• TASK INSTRUCTIONS: An image-free reproduction of the data below is needed: print it exactly.

**** DATASET RECORDS ****

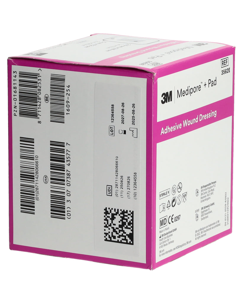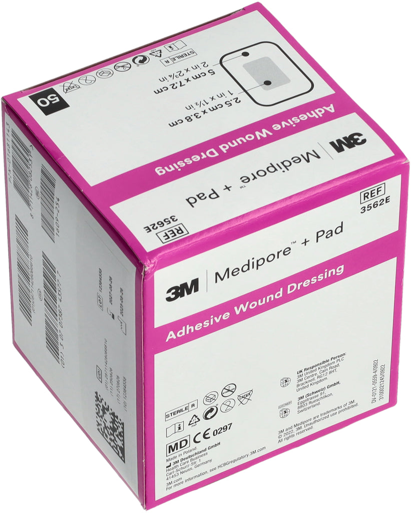 Medipore + Pad mit saugfähiger Wundauflage ist ein vielseitig verwendbarer, steriler Fertigverband. Die saugfähige Wundauflage verklebt nicht mit der Wunde. Ideal für oberflächliche Schürfwunden, Schittverletzungen, Verbrennungen (bis Grad IIa) und Hautnähte.
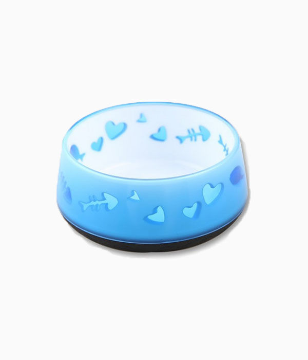 This blue unique cat love bowl is perfect for feeding or providing feline fresh water. It features fish and love cut out alongside the outer edges, providing a small tough of style. With the bright color, the cat will love it.
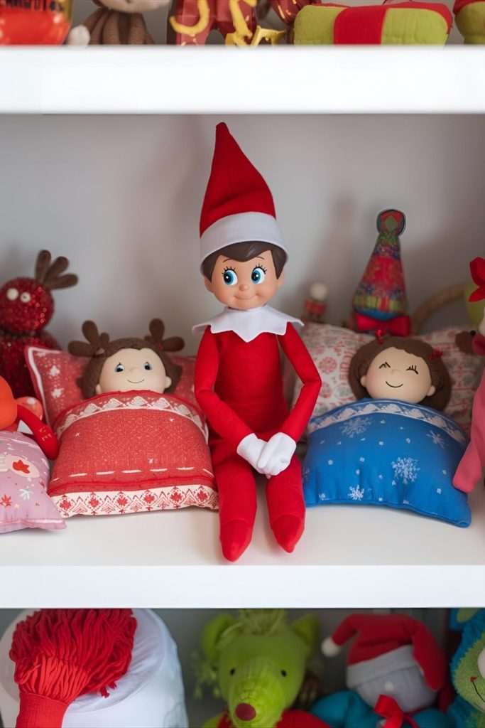 Arrange the elf with other toys for a pretend sleepover.
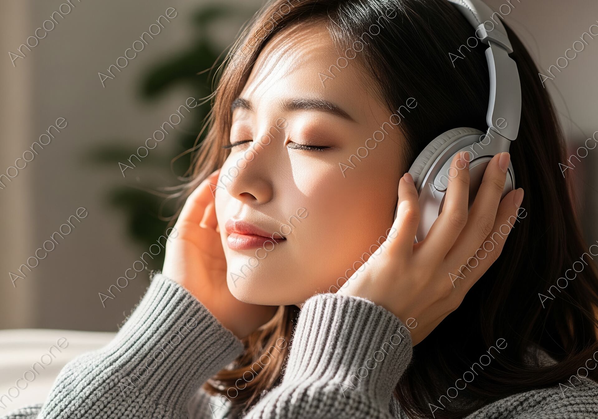 画像素材:オーバーイヤー型のヘッドホンを装着し、静かに目を閉じて音楽の世界に浸る人の横顔を捉えています。窓から差し込む柔らかな自然光が、肌の透明感や髪の繊細な質感を際立たせ、穏やかで上質なリラックスタイムを演出しています。グレーのゆったりとしたニットを着用した姿は、温かみのある「おうち時間」の心地よさを象徴しています。ヘッドホンにそっと手を添え、心ゆくまでサウンドを愉しむ表情からは、日常の喧騒を忘れた深い安らぎが伝わってきます。背景には室内の観葉植物が淡くぼかされており、被写体の存在感を高めるとともに、清潔感のあるナチュラルなライフスタイルを表現しています。オーディオ機器のカタログや、高音質な音楽体験を提案する広告、また「セルフケア」や「集中力向上」をテーマにしたブログ記事のアイキャッチなどに最適な一枚です。
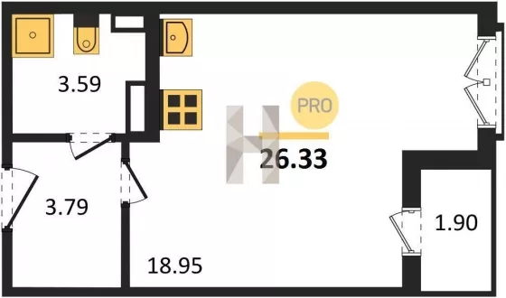 | Площадь, кв.м. | 26.33 |
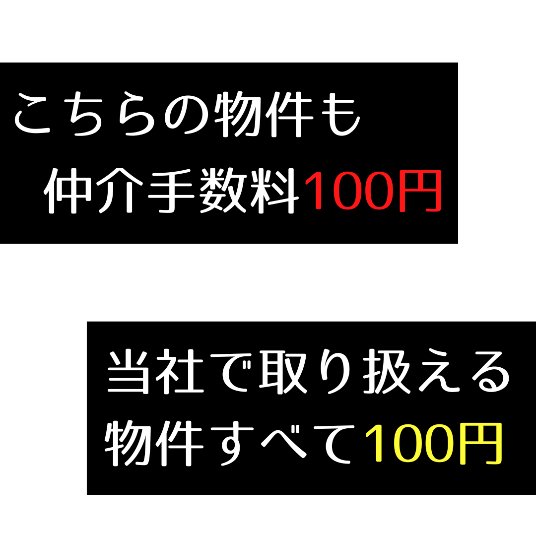 【100円賃貸】こちらの物件は、当社だけ仲介手数料100円(税込み)でどなたでも、いつでもお取引可能です!
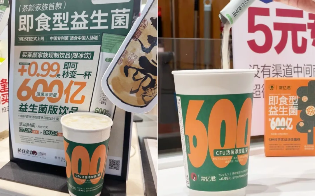 茶顏悦色甚至推出即食益生菌條,除單獨零售外,還可為冰飲注入“600億活菌buff”。
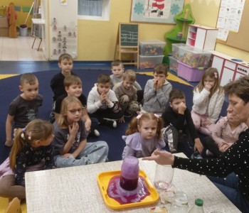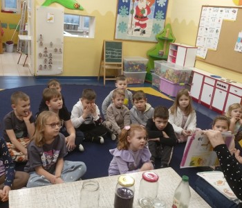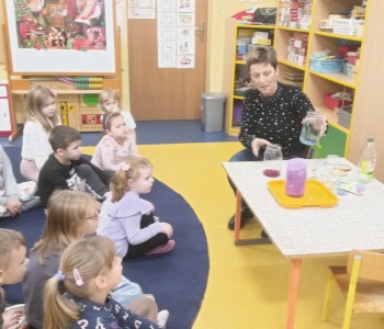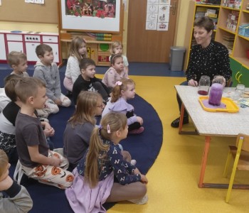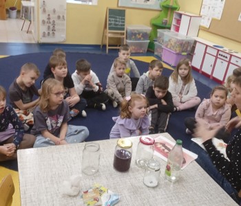 Podczas doświadczenia wykonanego przez panią pielęgniarkę dzieci dowiedziały się jak na nasze zęby działają różne substancje. Dzieci obiecały, że będą codziennie myć zęby. Na zakończenie spotkania wykonały pracę plastyczną „Wesoły ząbek”. Zadaniem dzieci było pokolorować, wyciąć i nakleić na kontur zęba tylko zdrowe produkty.
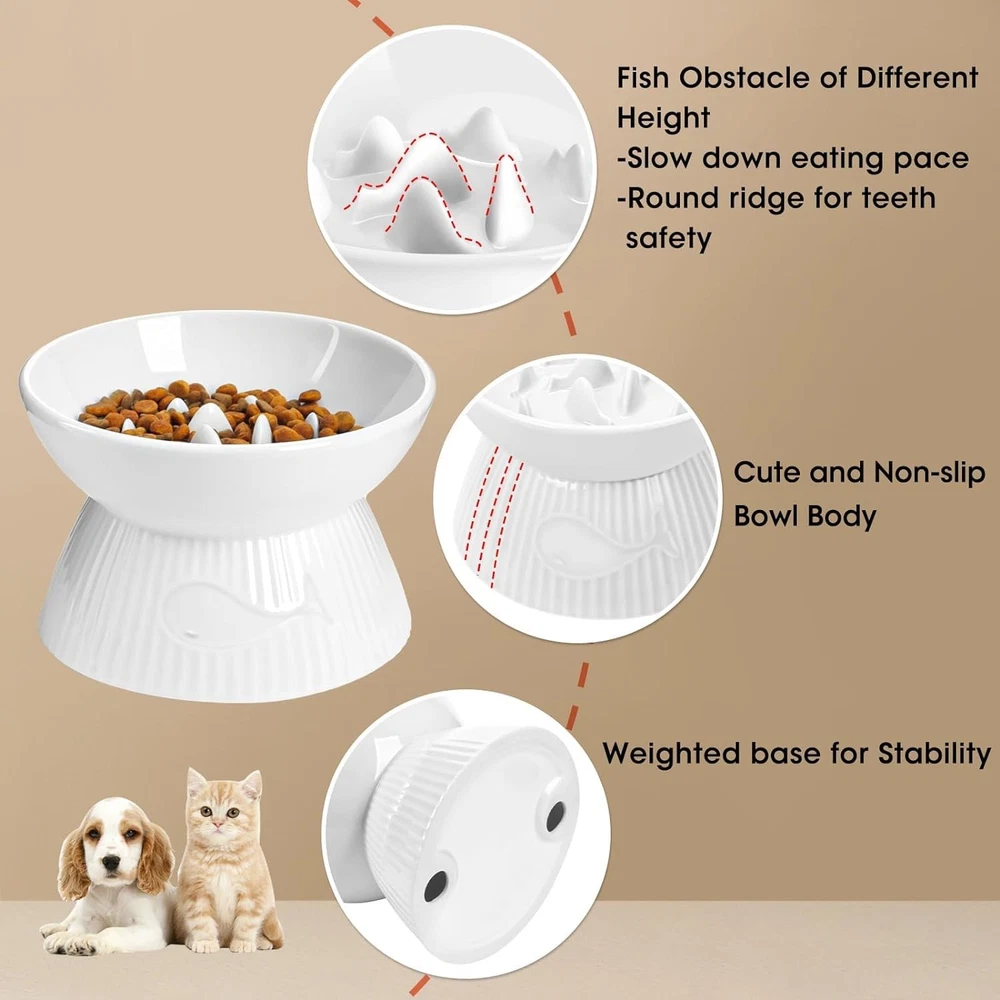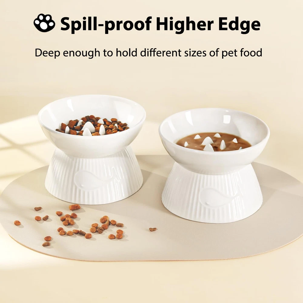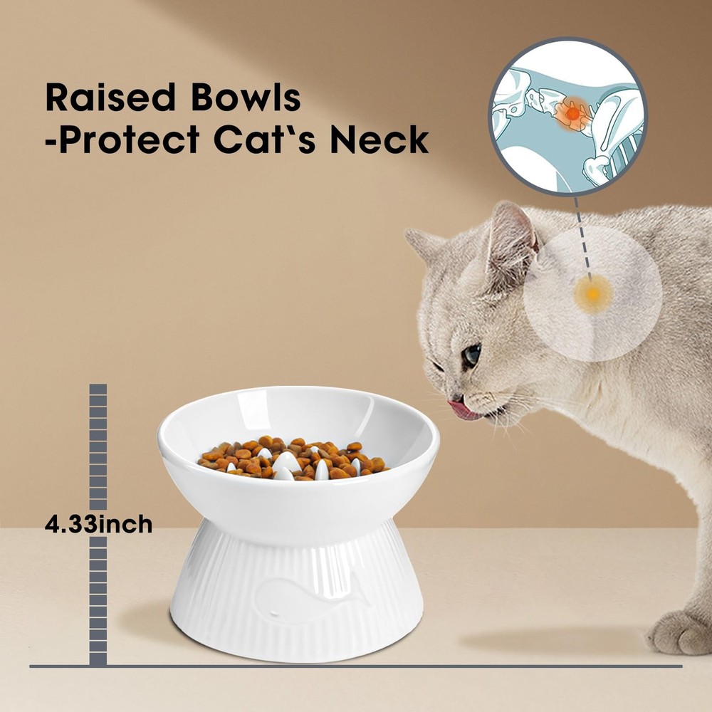 Ceramic Cat Slow Feeders Slow Down Eating with Upgraded Ridges. Fast eating may swallow large amounts of food and air into the stomach, which can lead to choking, vomiting and other indigestion. This obstacle ridges are designed higher and irregular, which can effectively train your puppy and kitty to eat slowly. Help improve pets' digestion, prevent bloat, choking and obesity. Raised Stand for Neck & Joint Protection. This raised slow feeder cat bowls increases the height of feeding station to 4.33", so that pets no longer have to strain unnaturally to eat from ground level, which makes it easy to swallow and reduce strain on your pet's neck and joints. Safe Ceramic & Easy to Clean and Reheat. The veterinarian recommends using a ceramic bowl than plastic one. Our cat slow feeder wet food bowl is made of high-temperature fired ceramics, free of BPA,lead or cadmium. Besides, porcelain finish is not easy to breed bad things, which prevents pet's black chin and feline acne. The smooth surface is easy to clean in dishwasher and warm up homemade food in microwave. Spillage-Proof Flat Opening with Higher Edge. If you are fed up with cleaning messy floor for you pet every day, our slow eating cat bowl is better than any tilted ones. designs this cat food bowl slow feeder with flat opening and higher wall to prevent food spillage. It can hold different sizes of pet food bought or made by yourself. Henceforth, you don't need to worry about your crazy eater messing up the floor every day. Prevent Moving or Tipping with One-piece Design & Weighted Base. Unlike those with separated stand, our one-unit design with wider and weighted ceramic base can prevent raised cat slow feeder bowl from moving around or tipping over when eating. It reduces the mess and scratches on the floor. Besides, you don't have to waste time to assemble or disassemble for daily refilling and cleaning. For medium and large cats, and small-size dogs. Capacity:1.7 cups (13 ounce) for wet food, 1 cup for dry food. Note: The height 4.33" does not work for kitten or small-size cat.
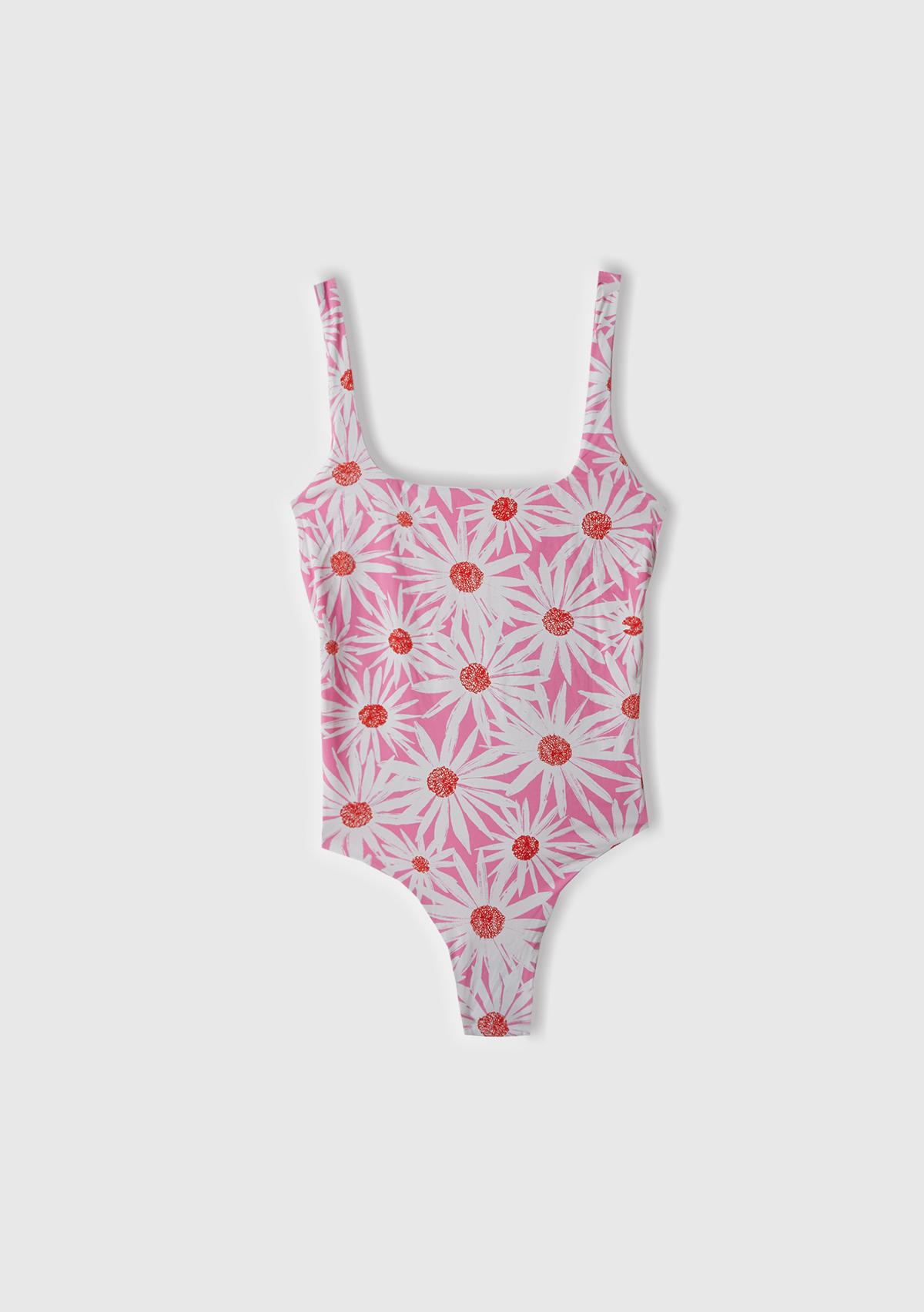 Kadın Pembe Mix Tamamı Desenli Derin Sırt Dekolteli Brezilya Model Mayo

****

• FINAL ANSWER:
 Medipore + Pad mit saugfähiger Wundauflage ist ein vielseitig verwendbarer, steriler Fertigverband. Die saugfähige Wundauflage verklebt nicht mit der Wunde. Ideal für oberflächliche Schürfwunden, Schittverletzungen, Verbrennungen (bis Grad IIa) und Hautnähte.
 This blue unique cat love bowl is perfect for feeding or providing feline fresh water. It features fish and love cut out alongside the outer edges, providing a small tough of style. With the bright color, the cat will love it.
 Arrange the elf with other toys for a pretend sleepover.
 画像素材:オーバーイヤー型のヘッドホンを装着し、静かに目を閉じて音楽の世界に浸る人の横顔を捉えています。窓から差し込む柔らかな自然光が、肌の透明感や髪の繊細な質感を際立たせ、穏やかで上質なリラックスタイムを演出しています。グレーのゆったりとしたニットを着用した姿は、温かみのある「おうち時間」の心地よさを象徴しています。ヘッドホンにそっと手を添え、心ゆくまでサウンドを愉しむ表情からは、日常の喧騒を忘れた深い安らぎが伝わってきます。背景には室内の観葉植物が淡くぼかされており、被写体の存在感を高めるとともに、清潔感のあるナチュラルなライフスタイルを表現しています。オーディオ機器のカタログや、高音質な音楽体験を提案する広告、また「セルフケア」や「集中力向上」をテーマにしたブログ記事のアイキャッチなどに最適な一枚です。
 | Площадь, кв.м. | 26.33 |
 【100円賃貸】こちらの物件は、当社だけ仲介手数料100円(税込み)でどなたでも、いつでもお取引可能です!
 茶顏悦色甚至推出即食益生菌條,除單獨零售外,還可為冰飲注入“600億活菌buff”。
 Podczas doświadczenia wykonanego przez panią pielęgniarkę dzieci dowiedziały się jak na nasze zęby działają różne substancje. Dzieci obiecały, że będą codziennie myć zęby. Na zakończenie spotkania wykonały pracę plastyczną „Wesoły ząbek”. Zadaniem dzieci było pokolorować, wyciąć i nakleić na kontur zęba tylko zdrowe produkty.
 Ceramic Cat Slow Feeders Slow Down Eating with Upgraded Ridges. Fast eating may swallow large amounts of food and air into the stomach, which can lead to choking, vomiting and other indigestion. This obstacle ridges are designed higher and irregular, which can effectively train your puppy and kitty to eat slowly. Help improve pets' digestion, prevent bloat, choking and obesity. Raised Stand for Neck & Joint Protection. This raised slow feeder cat bowls increases the height of feeding station to 4.33", so that pets no longer have to strain unnaturally to eat from ground level, which makes it easy to swallow and reduce strain on your pet's neck and joints. Safe Ceramic & Easy to Clean and Reheat. The veterinarian recommends using a ceramic bowl than plastic one. Our cat slow feeder wet food bowl is made of high-temperature fired ceramics, free of BPA,lead or cadmium. Besides, porcelain finish is not easy to breed bad things, which prevents pet's black chin and feline acne. The smooth surface is easy to clean in dishwasher and warm up homemade food in microwave. Spillage-Proof Flat Opening with Higher Edge. If you are fed up with cleaning messy floor for you pet every day, our slow eating cat bowl is better than any tilted ones. designs this cat food bowl slow feeder with flat opening and higher wall to prevent food spillage. It can hold different sizes of pet food bought or made by yourself. Henceforth, you don't need to worry about your crazy eater messing up the floor every day. Prevent Moving or Tipping with One-piece Design & Weighted Base. Unlike those with separated stand, our one-unit design with wider and weighted ceramic base can prevent raised cat slow feeder bowl from moving around or tipping over when eating. It reduces the mess and scratches on the floor. Besides, you don't have to waste time to assemble or disassemble for daily refilling and cleaning. For medium and large cats, and small-size dogs. Capacity:1.7 cups (13 ounce) for wet food, 1 cup for dry food. Note: The height 4.33" does not work for kitten or small-size cat.
 Kadın Pembe Mix Tamamı Desenli Derin Sırt Dekolteli Brezilya Model Mayo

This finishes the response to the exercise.